When I returned to the house I found Travers with a message for me. Mr Lawson was still in bed, but he would like me to go to him. I found my friend sitting up and drinkin
g strong tea – a bad thing, I should have thought, for a man in his condition. I remember that I looked over the room for some sign of the pernicious habit of which I believed him a victim. But the place was fresh and clean, with the windows wide open, and, though I could not have given my reasons, I was convinced that drugs or drink had nothing to do with the sickness.
He received me more civilly, but I was shocked by his looks. There were great bags below his eyes, and his skin had the wrinkled puffy appearance of a man in dropsy. His voice, too, was reedy and thin. Only his great eyes burned with some feverish life.
‘I am a shocking bad host,’ he said, ‘but I’m going to be still more inhospitable. I want you to go away. I hate anybody here when I’m off colour.’
‘Nonsense, I said; ‘you want looking after. I want to know about this sickness. Have you had a doctor?’
He smiled wearily. ‘Doctors are no earthly use to me. There’s nothing much the matter, I tell you. I’ll be all right in a day or two, and then you can come back. I want you to go off with Jobson and hunt in the plains till the end of the week. It will be better fun for you, and I’ll feel less guilty.’
Of course I pooh-poohed the idea, and Lawson got angry. ‘Damn it, man,’ he cried, ‘why do you force yourself on me when I don’t want you? I tell you your presence here makes me worse. In a week I’ll be as right as the mail, and then I’ll be thankful for you. But get away now; get away, I tell you.’

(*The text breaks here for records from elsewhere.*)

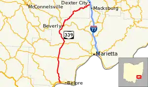 State Route 339 (SR 339) is a north–south state highway in southeastern Ohio, a U.S. state. The southern terminus of SR 339 is at SR 618 approximately 2 miles (3.2 km) west of Belpre, and less than 0.50 miles (0.80 km) south of the U.S. Route 50 (US 50)/SR 7/SR 32 expressway. The highway's northern terminus is a T-intersection with SR 821 about 0.75 miles (1.21 km) south of Dexter City.
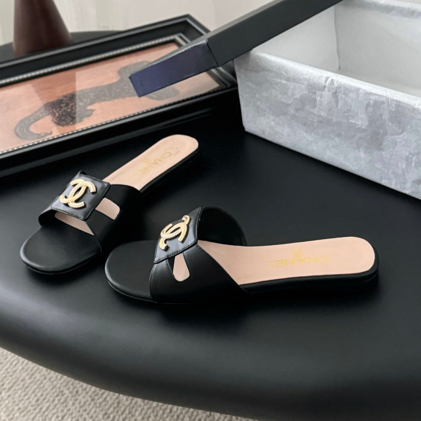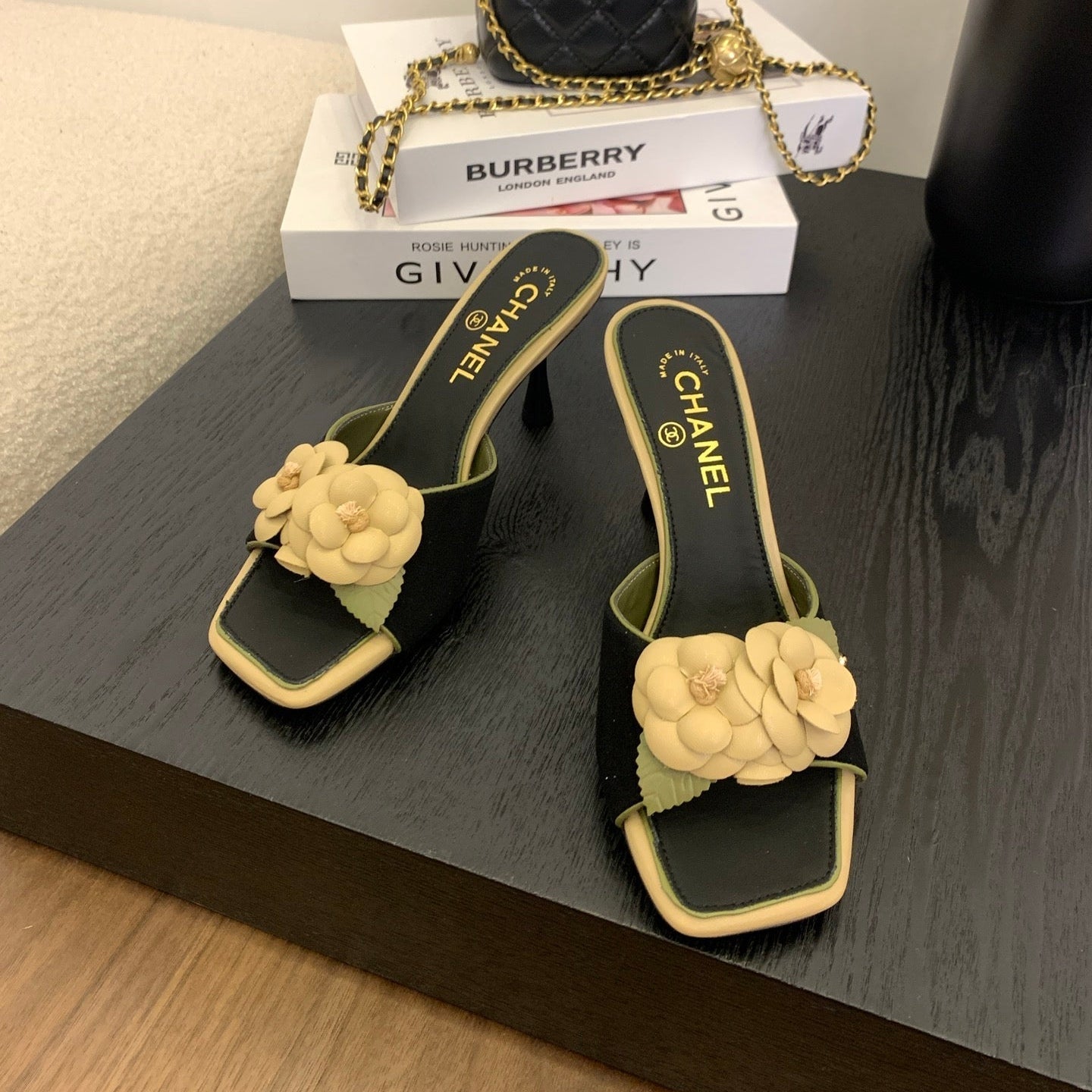 CC 25 Flower Thong Slippers Black Cowhide 233414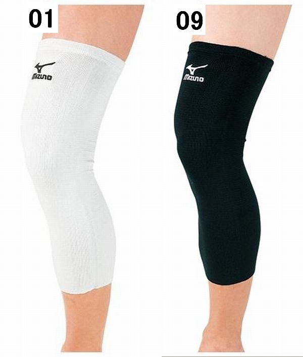 ミズノ 膝サポーター(ロング) 品番:59SS904 カラー:01 ホワイト、09 ブラック サイズ:フリー[総丈:42cm]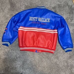 Nascar Rusty Wallace Chase Letterman Jacket Red White Blue Coat Men's Large L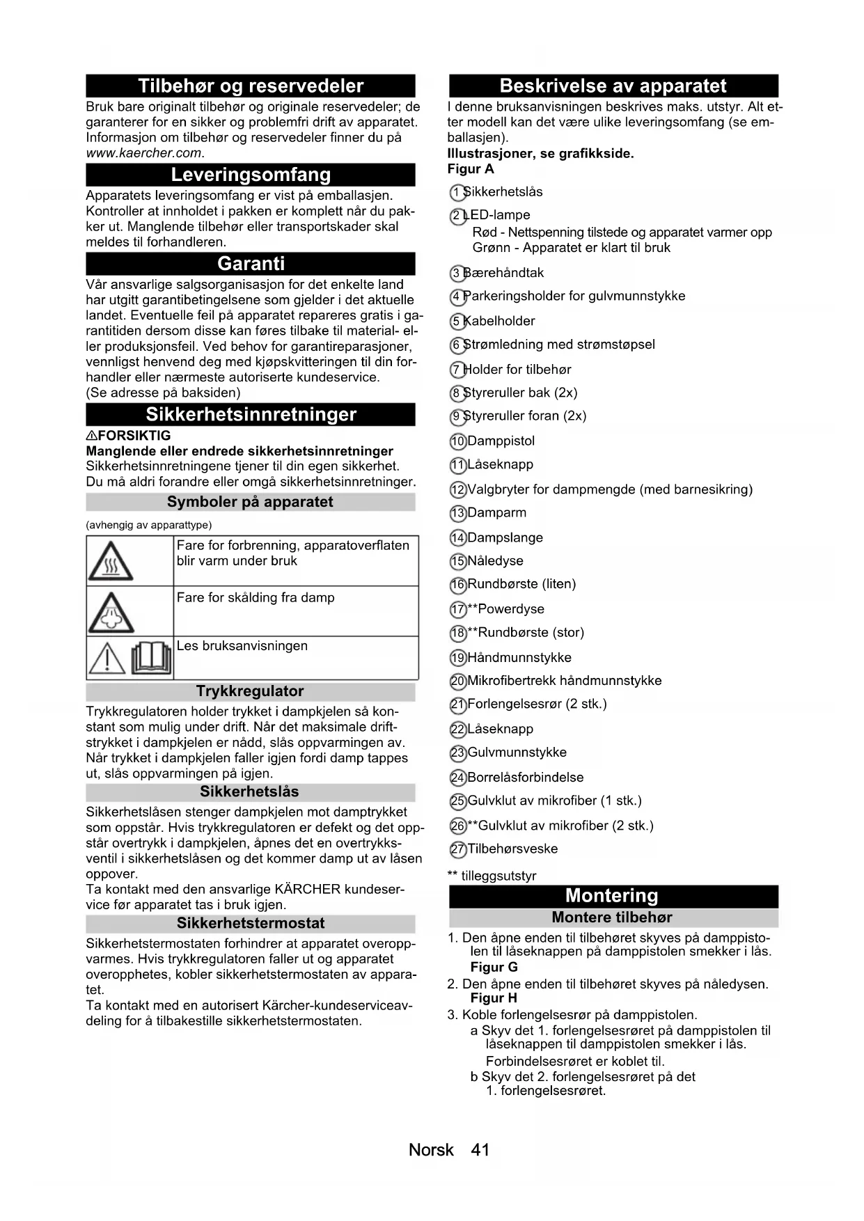 pes og overflatene tørkes med denne. Glassrengjøring OBS Glass-sprekker og skadet overflate Damp kan skade forseglede steder på vindusrammen og føre til spenning i overflaten på vindusruten når det er lave temperaturer ute. Det kan føre til at glasset sprekker. Ikke rett dampen mot forseglede steder på vindusram- men. Varm opp vindusruten når temperaturen ute er lav ved å dampe hele glassflaten lett. Rengjør vindusflaten med håndmunnstykket og overtrekket. For å trekke vannet av, bruk en vindus- nal eller tørk flatene tørre. Bruk af tilbehør Damppistol Damppistolen kan brukes for følgende bruksområder uten tilbehør: Fjerning av lette krøller eller bretter fra hengende klesplagg: Damp klesplagget fra 10-20 cm avstand. For våt støvtørking: Damp en klut raskt og tørk over møblene med den. Nåledyse Nåledysen er egnet for rengjøring av steder som det er vanskelig å komme til, fuger, armaturer, avløp, vasker, toaletter, sjalusier eller varmeapparater. Jo nærmere nåledysen er til det skitne stedet, desto større blir ren- gjøringseffekten, siden temperaturen og dampmengden er høyest ved dyseutløpet. Kraftige kalkavleiringer kan behandles med et egnet rengjøringsmiddel før dam- prengjøringen. La rengjøringsmiddelet virke i ca. 5 mi- nutter og damprengjør deretter.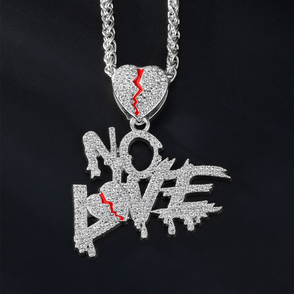 Novo Corrente Cravejada Colar Carta Hip Hop NO LOVE Heartbreak Pingente Personalidade Ice Colar Cubano Jóias Masculinas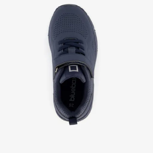 Donkerblauwe Blue Box sneakers met airzool voor jongens. Het bovenwerk is gemaakt van imitatieleer en is voorzien van perforatiegaten die voor extra ventilatie zorgen. Het binnenwerk is gemaakt van textiel en de stevige profielzool van rubber. De sneakers hebben airzolen die demping bieden en elastische veters met klittenbandsluiting voor een optimale pasvorm. Het comfortabele voetbed van textiel is niet uitneembaar.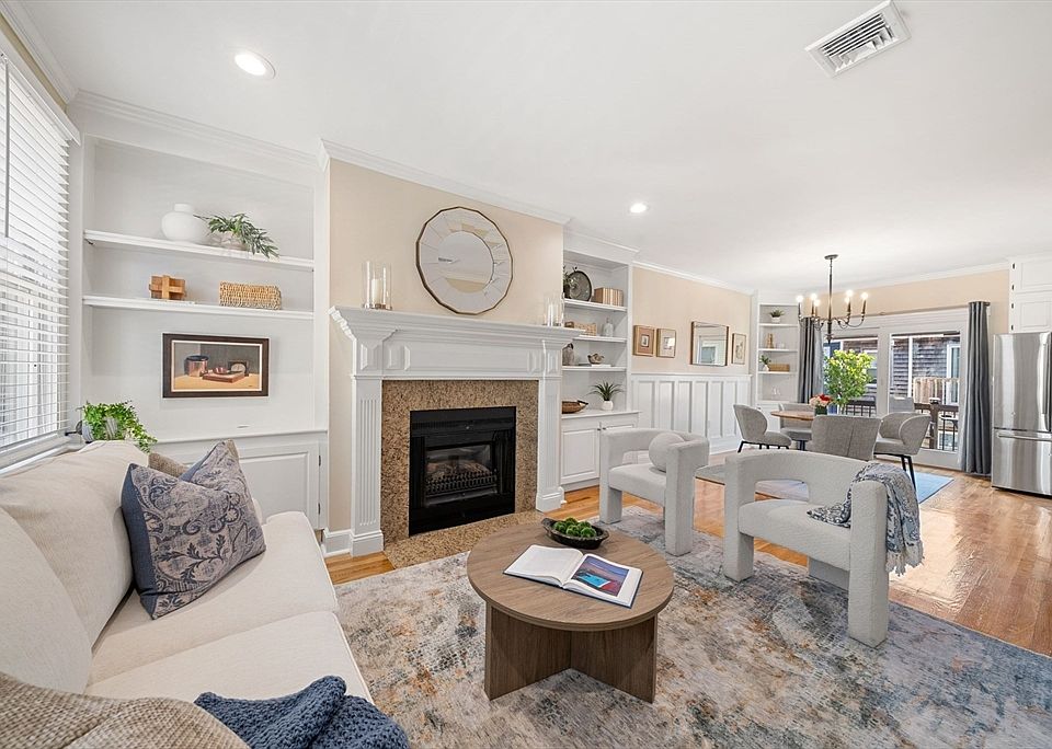 Filled with charm and detail, this beautifully maintained, 2+BR/2.5BA, 1585 sf, single family home offers a highly desirable open layout for entertaining. The elegant living room features a gas fireplace with white mantel, flanked by custom built-ins, and flows to a spacious dining area with wainscoting detail, corner built-in and sliders to deck. The well-appointed kitchen has tall white cabinetry, granite countertops, and stainless appliances. A half bath is tucked off the living area. The expansive lower level media room/in-law suite is perfect for guests or play space and has a gas fireplace with mantel and custom built-ins, sink area, full bath with shower, and large storage closet. Glass sliders lead to a private enclosed garden patio with mature plantings. The upper level offers a king size primary with three large windows, tall ceiling and ample closet space; a spacious guest bedroom w/double wide closet, and a full bath with shower/tub and laundry. Central air conditioning.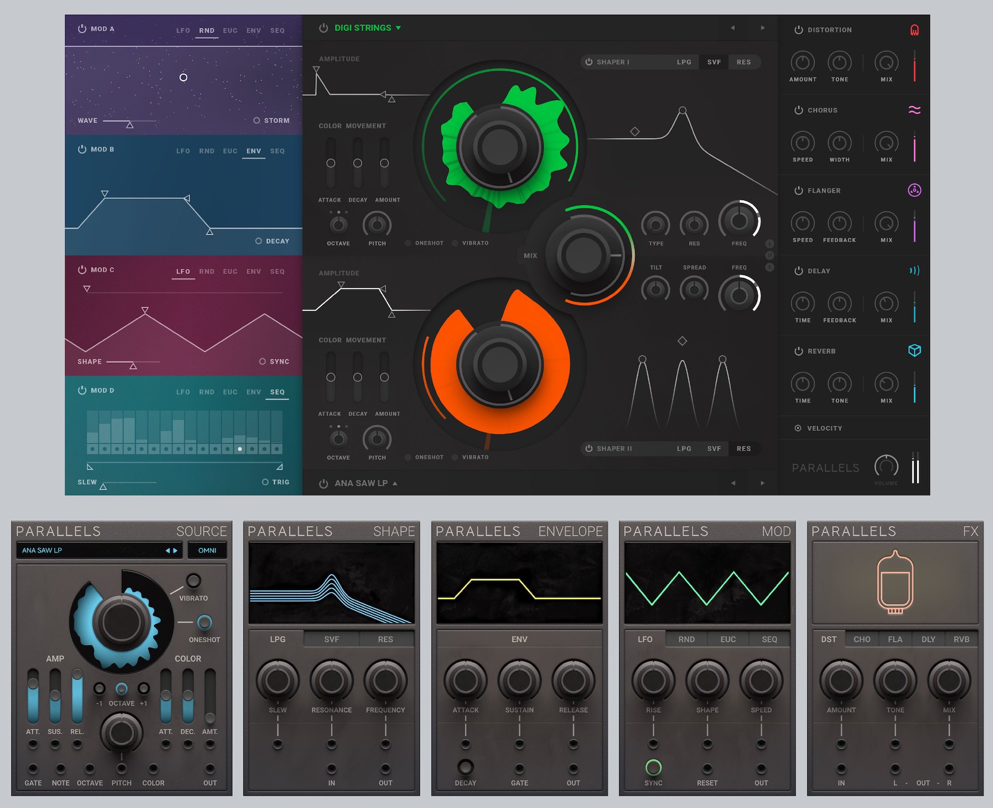 - NEW: Parallels for Modular—Source, Shape, Mod, Env, and FX modules, to create unique sounds for unique ideas

I saw that he was fretting himself into a passion. ‘All right,’ I said soothingly; ‘Jobson and I will go off hunting. But I am horribly anxious about you, old man.’
He lay back on his pillows. ‘You needn’t trouble. I only want a little rest. Jobson will make all arrangements, and Travers will get you anything you want. Goodbye.’
I saw it was useless to stay longer, so I left the room. Outside I found the anxious-faced servant. ‘Look here,’ I said, ‘Mr Lawson thinks I ought to go, but I mean to stay. Tell him I’m gone if he asks you. And for Heaven’s sake keep him in bed.’